Das E-Book können Sie in Legimi-Apps oder einer beliebigen App lesen, die das folgende Format unterstützen:
Seitenzahl: 91
Veröffentlichungsjahr: 2026
Montar en un vaquero
Relatos Eróticos de Sexo para Adultos
______________________
Eva Rossi
ÍNDICE
1.Imprint
2.Adivina
3.Ella, él y ellos
4.Bayou
5.Humo
6.Muérdeme
7.Montar en un vaquero
8.Reina de Saba
9.Héroe de la guitarra
Imprint
© 2026 Eva Rossi
Foto de portada: Canva
Impresión y distribución por cuenta del autor:
tredition GmbH, Heinz-Beusen-Stieg 5, 22926 Ahrensburg, Alemania
La obra, incluidas sus partes, está protegida por derechos de autor. El autor es responsable de su contenido. Queda prohibido cualquier uso sin su consentimiento. La publicación y la difusión se realizan por orden del autor, con quien se puede contactar en la siguiente dirección: Eva Rossi, Friedrichstraße 155, 10117 Berlín, Alemania.

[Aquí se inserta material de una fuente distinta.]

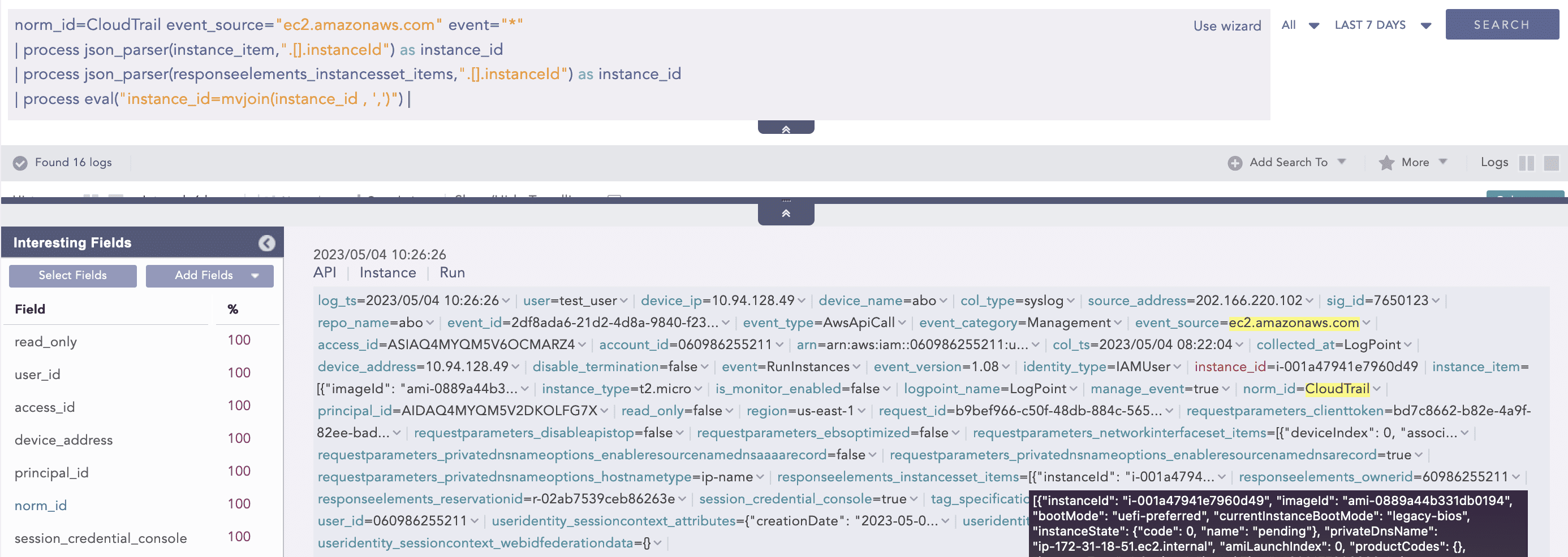 As such, the JSON Parser plugin helps to solve this problem by providing a way to parse and extract information from JSON logs in real time as they are ingested into Logpoint. In the following indexed log, the "instanceId" is extracted from either the "responseelements_instancesset_items" or "instance_item" JSON array objects and renamed as "instance_id" in the resulting indexed log.
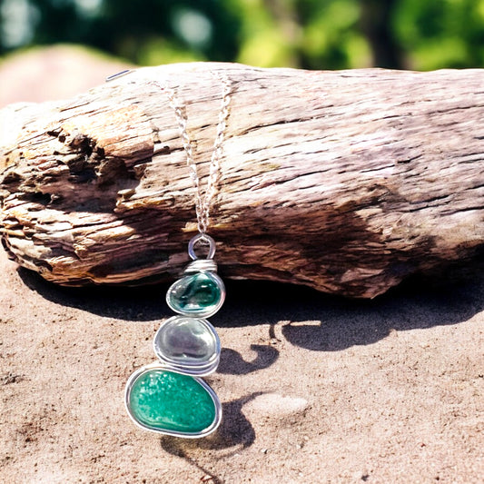 Turquoise Green Seaham Sea Glass Jewellery Set
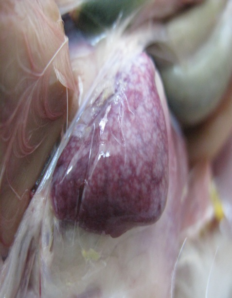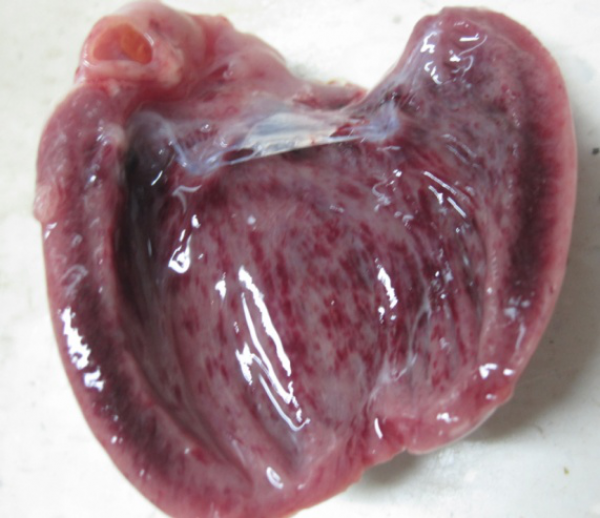 心内外膜出血;脑膜水肿、出血;肺脏先是一侧出血发黑,后两侧出血发黑;肝脏肿大,颜色多数发黄发白,类似腺病毒;脾脏肿大、出血,似大理石样花斑;肾脏肿大、出血,似花斑样;有的腺胃乳头出血;胰脏出血。
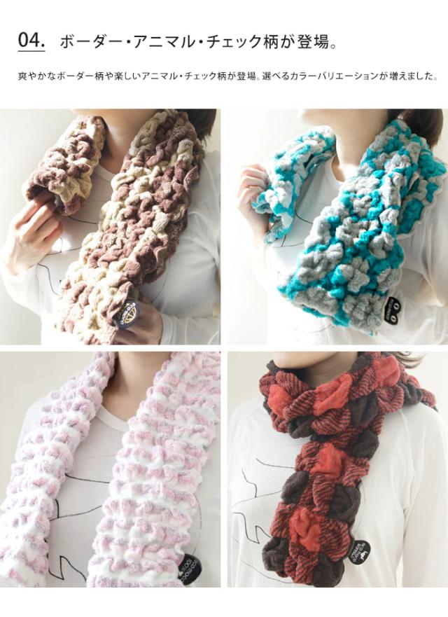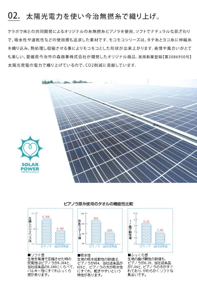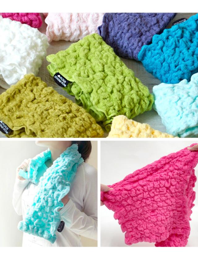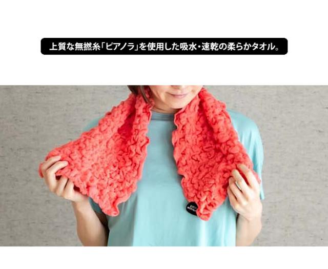 のびのび伸縮するので、巻いても優しくフィット。水分や汗をすばやく吸収してくれ、お風呂上がりやプール後、スポーツタオルとして最適。クラボウとの共同開発によるオリジナルの糸無撚糸ピアノラを使用。吸水性や速乾性などの使用感も追求した素材です。タテ糸とヨコ糸に伸縮糸を織り込み、熱処理し収縮させる事によりモコモコ形状に。太陽光発電で織り上げています。

Dirección de contacto de conformidad con el Reglamento Europeo de Seguridad de los Productos: [email protected]
Adivina
Sé que está ahí, porque puedo olerlo. Es ese brillo de labios de cereza que sabe que me gusta, aunque Dios sabe dónde se lo ha puesto. ¿En los labios? Demasiado convencional. ¿En sus pezones? Son pequeños y alegres y estarían deliciosos cubiertos de algo resbaladizo, pero lo dudo.
Apuesto por su polla; sin duda, por su polla. Y mientras estoy aquí tumbada con los ojos vendados y en gran medida indefensa, me hará probarla... esa curva de carne con aroma a cereza.
Puedo imaginármelo ahora, acercándose, con ella balanceándose entre sus muslos. Su respiración es inestable, aunque parece que su determinación se mantiene, y de vez en cuando puedo oírlo, acercándose.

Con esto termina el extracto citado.